In this case, no evidence was offered by petitioner proving the amount of


arrastre fees paid to private respondent so as to put the latter on notice of
the value of the cargo. While petitioner alleged that prior to the loss of the
package, its value had been relayed to private respondent through the
documents the latter had processed, petitioner does not categorically state that
among the submitted documents were the pro forma invoice value and the
certified packing list. Neither does petitioner pretend that these two documents
were prerequisites to the issuance of a permit to deliver or were attachments
thereto. Even the permit to deliver, upon which petitioner anchors its
arguments, may not be considered by the Court because it was not identified
and formally offered in evidence. [13]

In civil cases, the burden of proof is on the party who would be defeated if
no evidence is given on either side.
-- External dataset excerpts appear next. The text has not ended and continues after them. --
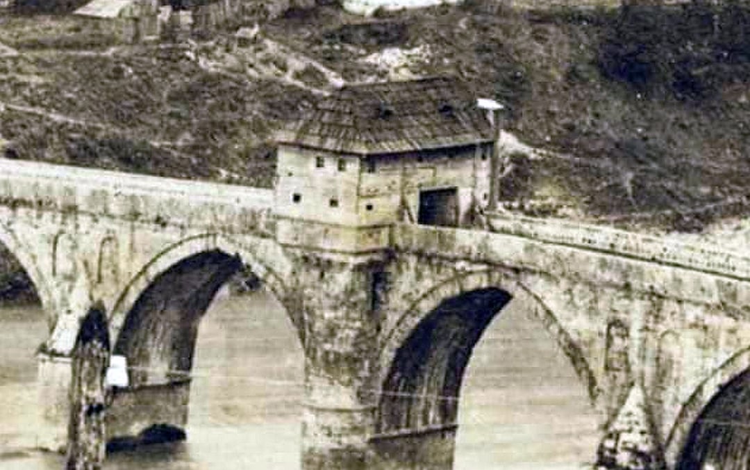 "Al centro di questo ponte sorgeva una torre di legno, di cui non si conosce l’epoca della sua creazione, e fu demolita nel 1886. La torre era un corpo di guardia con un passaggio sottostante, chiuso su entrambi i lati da robuste porte di quercia. Sulla torre c’erano diversi piccoli cannoni chiamati shibe. Sul ponte c’erano due versi in versi con gli anni incisi: il primo 971-/1571 e il secondo 985/1577." Maggiori informazioni sul ponte e sulle immagini al collegamento https://www.biserje.ba/rijetka-fotografija-visegradskog-mosta/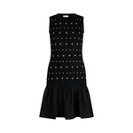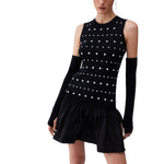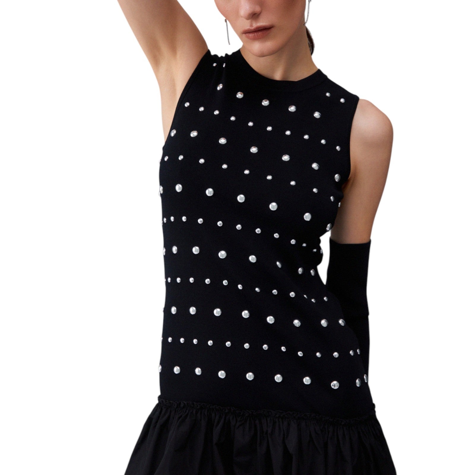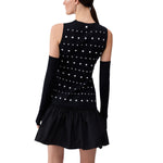 Abito corto in maglia. Filati in misto viscosa. Borchie applicate. Girocollo. Volant sul fondo. Manicotti con foro per il pollice. La modella è alta 180 cm e indossa la taglia S.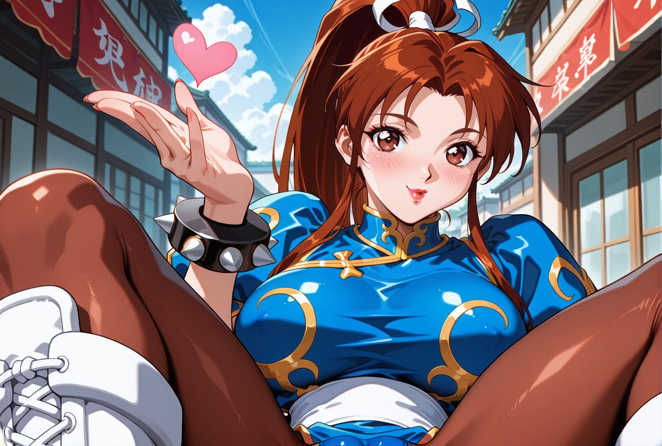 昨日3月1日は春麗パイセンの誕生日だったので、今回は先ほど投稿した五月ちゃん同様、春麗コスプレをした舞ちゃんのイラストを作成してみました。春麗パイセン自体のイラストはアップしないので、ご容赦ください。すいませんw最近投げキッスをさせるイラストに僕はハマっているのかもしれません。。。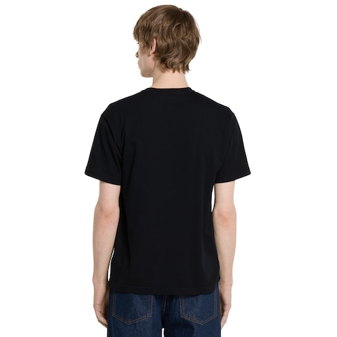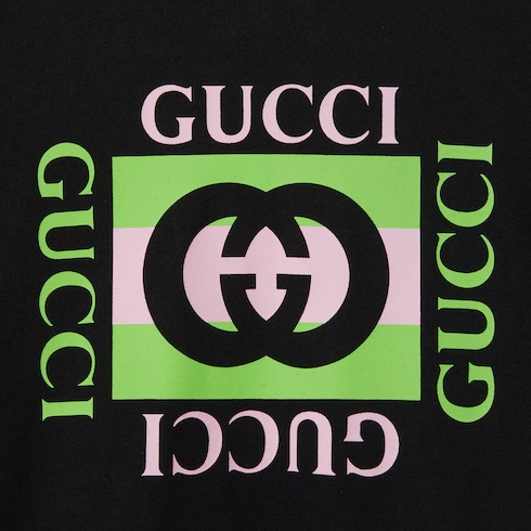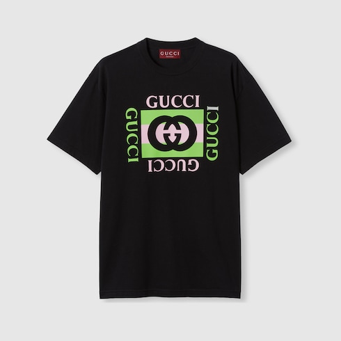 Las prendas para el día a día se realzan con un detalle Gucci de selvedge o un estampado de logotipo Gucci vintage que les confieren un toque urbano. Esta camiseta de punto de algodón negro se caracteriza por un estampado de Gucci, GG entrelazada y rayas.

Said party must establish his case by a
preponderance of evidence, which means that the evidence as a whole
adduced by one side is superior to that of the other. Petitioner having asserted
[14]

the affirmative of the issue in this case, it should have presented evidence
required to obtain a favorable judgment.
On the other hand, on top of its denial that it had received the invoice value
and the packing list before the discharge of the shipment, private respondent
was able to prove that it was apprised of the value of the cargo only after its
discharge from the vessel, ironically through petitioners claim for the lost
package to which were attached the invoice and packing list. All told, petitioner
failed to convince the Court that the requirement of the management contract
had been complied with to entitle it to recover the actual invoice value of the
lost shipment.
Anent the attorneys fees, we find the award to be proper considering that the
acts and omissions of private respondent have compelled petitioner to litigate
or incur expenses to protect its rights. However, as to the amount of the award,
[15]

we find no reason to re-examine the appellate courts determination thereon in


view of the amount of the principal obligation. Otherwise, we would be
disregarding the doctrine that discretion, when well exercised, should not be
disturbed.
WHEREFORE, the petition for review on certiorari is DENIED and the
decision of the Court of Appeals is AFFIRMED. Costs against petitioner.
SO ORDERED.
Narvasa, C.J. (Chairman), Davide, Jr., Melo, and Francisco, JJ., concur.